TASK BRIEF =
Provide again, from the entries below, every line from the one containing "A certain mass" through the one containing "所导致的事故情况,并对 AI 事故的详细内容作出分析。", exactly as written, and no other line.

INFORMATION PROVIDED =
<<<<
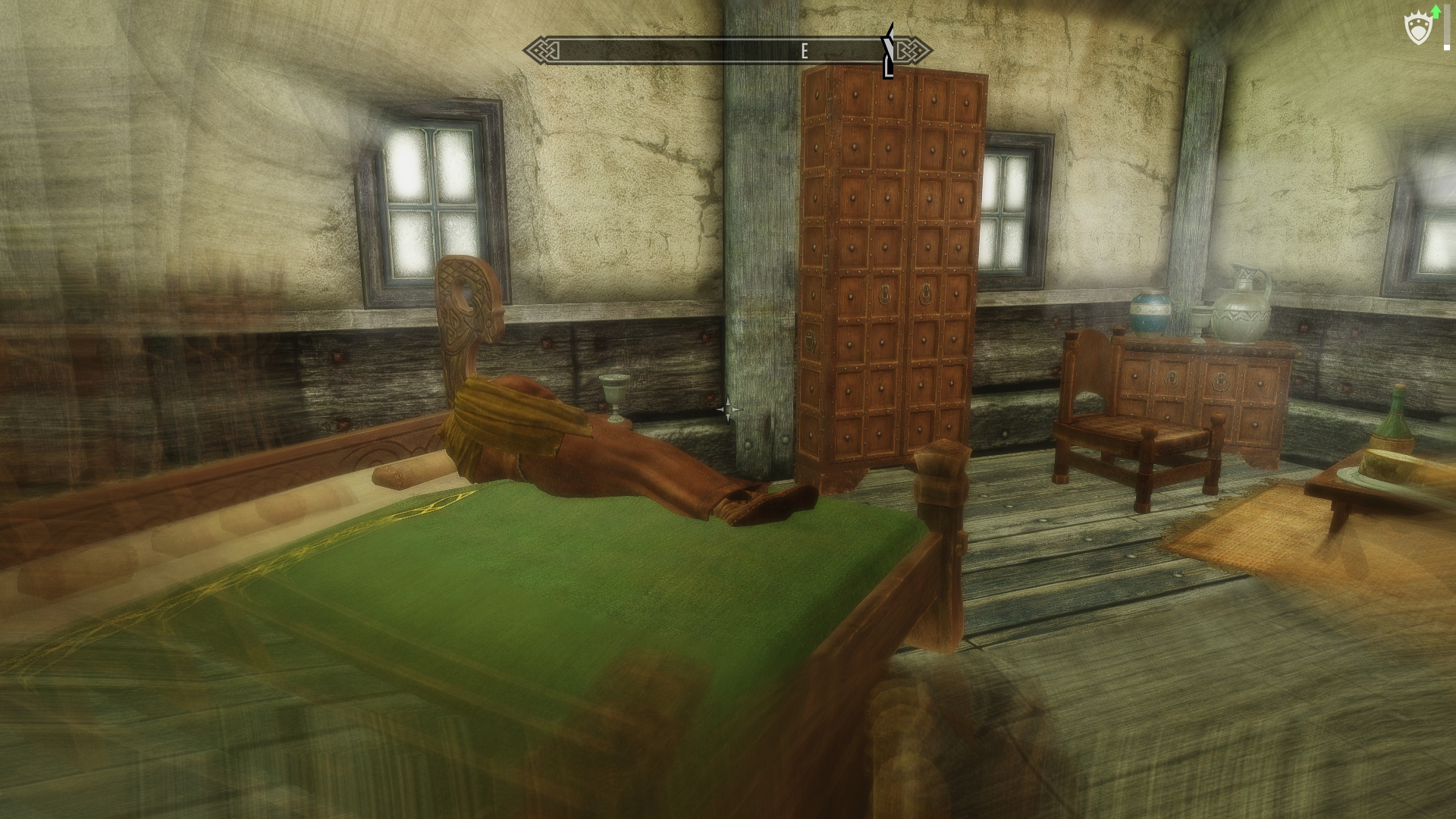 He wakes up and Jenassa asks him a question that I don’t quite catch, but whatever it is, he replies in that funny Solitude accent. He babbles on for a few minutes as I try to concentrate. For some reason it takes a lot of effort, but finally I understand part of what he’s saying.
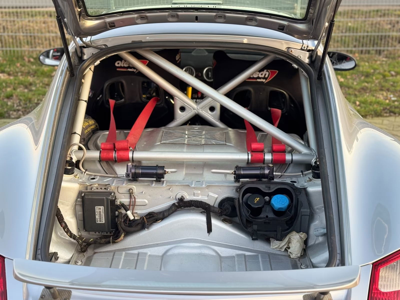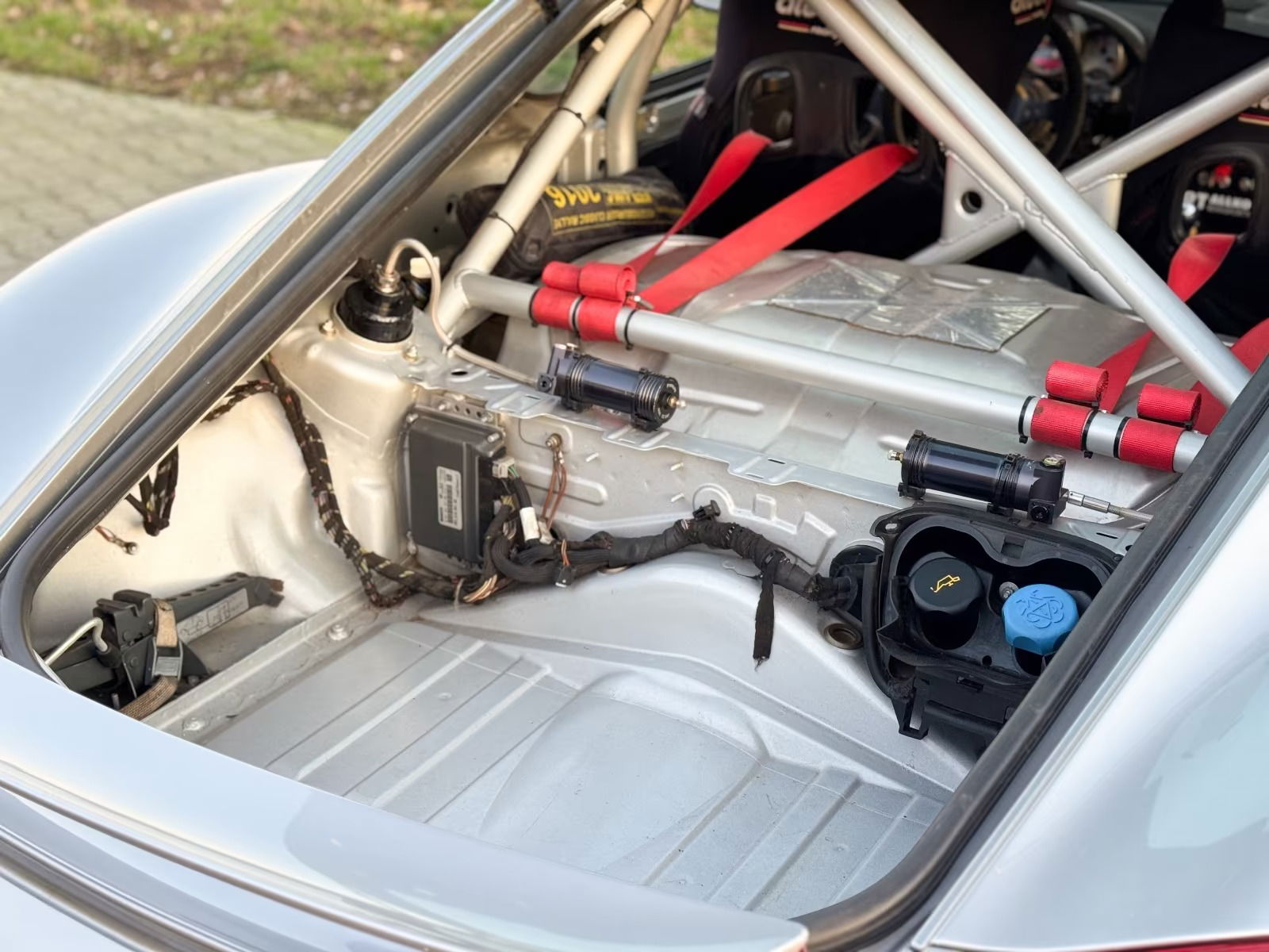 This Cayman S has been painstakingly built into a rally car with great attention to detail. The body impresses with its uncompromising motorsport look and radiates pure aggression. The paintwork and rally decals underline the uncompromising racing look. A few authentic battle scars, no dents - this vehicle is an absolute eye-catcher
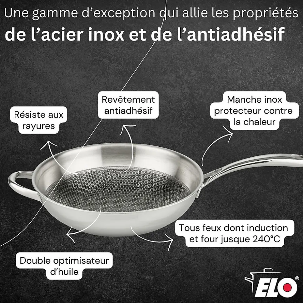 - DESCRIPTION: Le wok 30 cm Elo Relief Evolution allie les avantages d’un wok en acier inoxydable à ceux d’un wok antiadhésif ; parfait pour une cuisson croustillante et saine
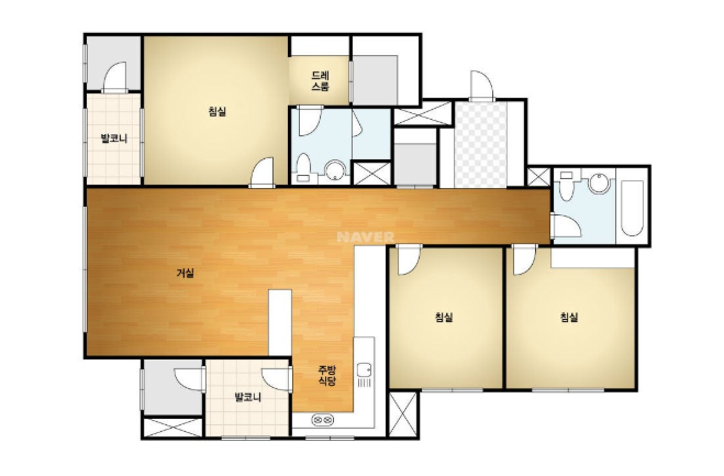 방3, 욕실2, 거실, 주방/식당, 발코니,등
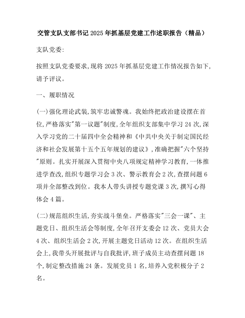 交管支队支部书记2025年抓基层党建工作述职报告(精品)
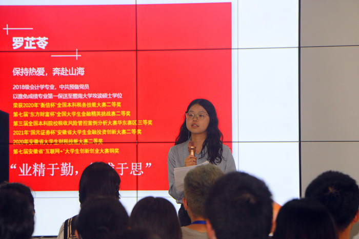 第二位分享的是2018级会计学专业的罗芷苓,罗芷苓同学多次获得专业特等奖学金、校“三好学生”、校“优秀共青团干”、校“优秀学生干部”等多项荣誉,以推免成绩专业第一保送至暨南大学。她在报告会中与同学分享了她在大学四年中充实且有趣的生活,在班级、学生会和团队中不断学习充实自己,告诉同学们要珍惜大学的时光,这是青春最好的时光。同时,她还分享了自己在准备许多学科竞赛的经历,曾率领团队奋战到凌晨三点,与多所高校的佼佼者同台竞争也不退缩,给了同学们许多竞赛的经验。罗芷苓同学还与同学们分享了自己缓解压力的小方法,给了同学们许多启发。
>>>>
<<<<
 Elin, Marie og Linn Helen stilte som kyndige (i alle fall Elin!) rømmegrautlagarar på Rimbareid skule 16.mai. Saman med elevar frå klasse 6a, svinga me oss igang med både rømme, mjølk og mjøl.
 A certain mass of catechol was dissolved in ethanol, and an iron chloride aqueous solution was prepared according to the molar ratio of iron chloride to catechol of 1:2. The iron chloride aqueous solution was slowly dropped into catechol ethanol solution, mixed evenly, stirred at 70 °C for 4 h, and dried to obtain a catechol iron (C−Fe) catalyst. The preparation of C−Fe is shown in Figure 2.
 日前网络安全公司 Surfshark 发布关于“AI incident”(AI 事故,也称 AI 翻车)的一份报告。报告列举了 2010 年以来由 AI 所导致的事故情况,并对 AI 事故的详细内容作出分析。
>>>>
EXERCISE SOLUTION =
 A certain mass of catechol was dissolved in ethanol, and an iron chloride aqueous solution was prepared according to the molar ratio of iron chloride to catechol of 1:2. The iron chloride aqueous solution was slowly dropped into catechol ethanol solution, mixed evenly, stirred at 70 °C for 4 h, and dried to obtain a catechol iron (C−Fe) catalyst. The preparation of C−Fe is shown in Figure 2.
 日前网络安全公司 Surfshark 发布关于“AI incident”(AI 事故,也称 AI 翻车)的一份报告。报告列举了 2010 年以来由 AI 所导致的事故情况,并对 AI 事故的详细内容作出分析。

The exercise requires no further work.